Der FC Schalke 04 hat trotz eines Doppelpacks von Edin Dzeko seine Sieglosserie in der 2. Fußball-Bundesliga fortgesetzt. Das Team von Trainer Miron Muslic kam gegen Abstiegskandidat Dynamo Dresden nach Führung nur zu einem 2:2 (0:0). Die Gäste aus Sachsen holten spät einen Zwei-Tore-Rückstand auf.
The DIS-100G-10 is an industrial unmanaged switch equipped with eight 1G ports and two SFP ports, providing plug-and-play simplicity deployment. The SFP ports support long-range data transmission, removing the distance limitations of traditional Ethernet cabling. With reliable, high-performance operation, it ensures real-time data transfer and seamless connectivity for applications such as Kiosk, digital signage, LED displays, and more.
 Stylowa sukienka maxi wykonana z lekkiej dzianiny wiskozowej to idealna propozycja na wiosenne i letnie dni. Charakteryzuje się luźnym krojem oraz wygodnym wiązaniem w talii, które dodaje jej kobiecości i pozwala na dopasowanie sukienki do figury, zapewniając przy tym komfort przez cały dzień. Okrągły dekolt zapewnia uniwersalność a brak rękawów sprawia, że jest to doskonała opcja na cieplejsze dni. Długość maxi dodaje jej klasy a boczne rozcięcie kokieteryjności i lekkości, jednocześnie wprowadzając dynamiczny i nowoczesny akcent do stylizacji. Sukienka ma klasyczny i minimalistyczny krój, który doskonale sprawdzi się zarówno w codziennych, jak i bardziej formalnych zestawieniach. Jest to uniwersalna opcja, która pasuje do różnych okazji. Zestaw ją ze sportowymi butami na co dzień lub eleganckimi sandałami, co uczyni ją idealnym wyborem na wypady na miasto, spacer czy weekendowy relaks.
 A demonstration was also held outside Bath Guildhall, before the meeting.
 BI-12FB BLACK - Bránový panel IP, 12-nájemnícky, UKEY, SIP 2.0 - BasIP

==

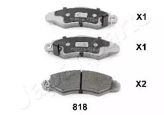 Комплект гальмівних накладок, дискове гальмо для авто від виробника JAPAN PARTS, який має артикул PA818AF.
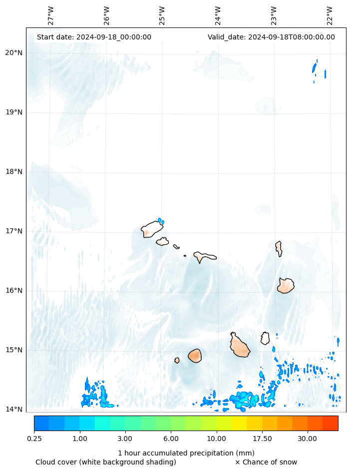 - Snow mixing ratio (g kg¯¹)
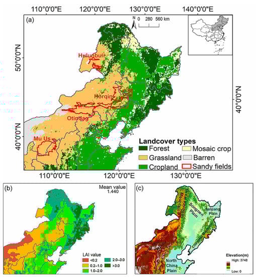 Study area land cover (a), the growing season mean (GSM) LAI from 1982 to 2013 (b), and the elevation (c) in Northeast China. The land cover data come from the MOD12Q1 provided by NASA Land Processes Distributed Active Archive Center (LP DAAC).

- Work item: Taking the entries above, write out exactly each line from the one holding "A demonstration was" to the one holding "BI-12FB BLACK - Bránový", both included, and stop there.

- Solution to this task:
 A demonstration was also held outside Bath Guildhall, before the meeting.
 BI-12FB BLACK - Bránový panel IP, 12-nájemnícky, UKEY, SIP 2.0 - BasIP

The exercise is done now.